Signs, Symptoms and Laboratory Findings of Acute Overdosage in Humans
The highest known dose of pregabalin received in the clinical development program in which there was no fatal outcome was 15,000 mg in 1 patient. The types of adverse events experienced by patients who received an overdose were not clinically different from other patients receiving recommended doses of pregabalin.
In post-marketing experience, fatal outcomes in cases in which pregabalin has been taken in combination with other medications have been reported with a pregabalin overdose as low as 800 mg in a day. In none of these cases has pregabalin been established as the cause of death or in pregabalin monotherapy. The lowest fatal dose with pregabalin alone has not yet been identified.
The most commonly reported adverse events observed when pregabalin was taken in overdose (dose range from 800 mg/day up to 11,500 mg as a single dose) included affective disorder, somnolence, confusional state, depression, agitation, and restlessness. Seizures were also reported.

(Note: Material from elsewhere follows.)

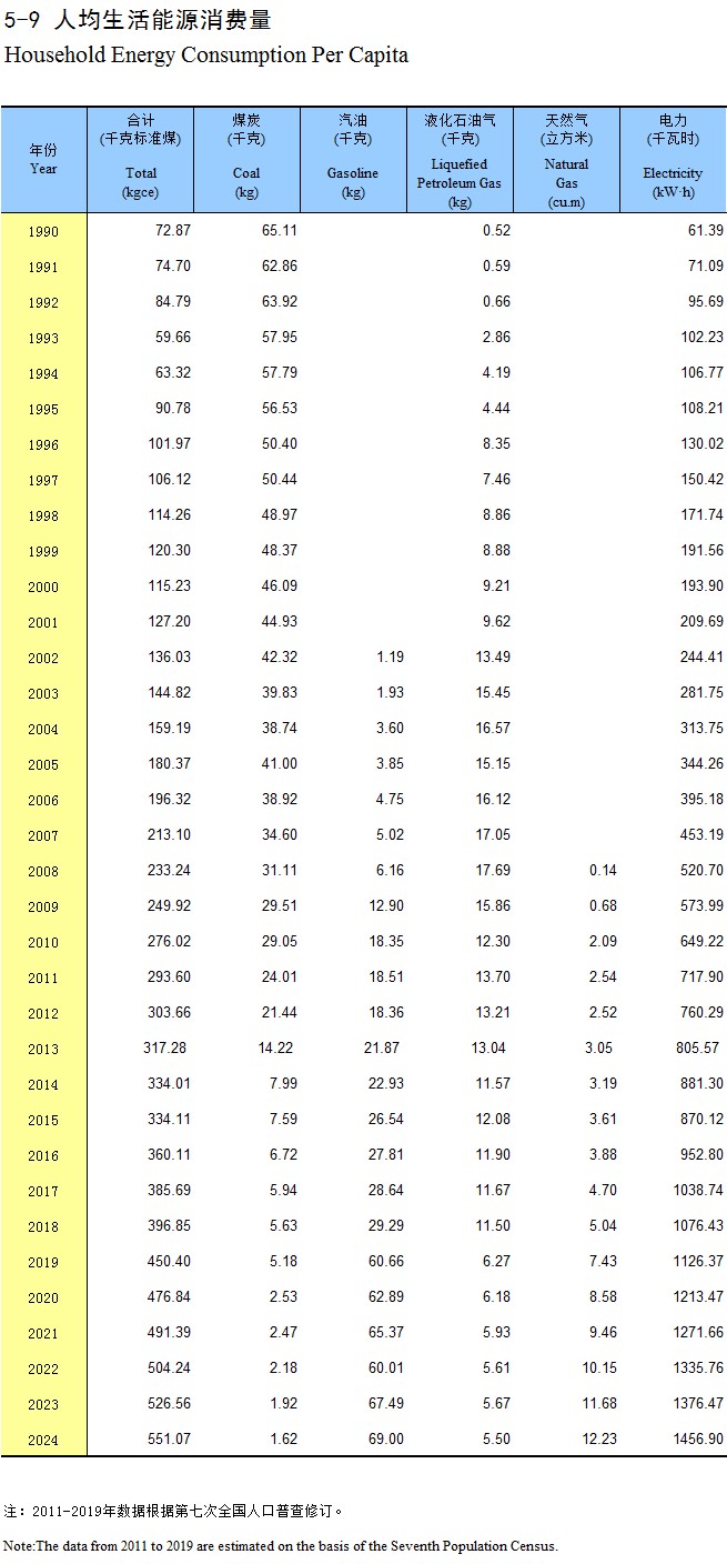 5-9 人均生活能源消费量

Treatment or Management of Overdose
There is no specific antidote for overdose with pregabalin. If indicated, elimination of unabsorbed drug may be attempted by emesis or gastric lavage; usual precautions should be observed to maintain the airway. General supportive care of the patient is indicated including monitoring of vital signs and observation of the clinical status of the patient. A Certified Poison Control Center should be contacted for up-to-date information on the management of overdose with pregabalin.
Standard hemodialysis procedures result in significant clearance of pregabalin (approximately 50% in 4 hours) and should be considered in cases of overdose. Although hemodialysis has not been performed in the few known cases of overdose, it may be indicated by the patient's clinical state or in patients with significant renal impairment.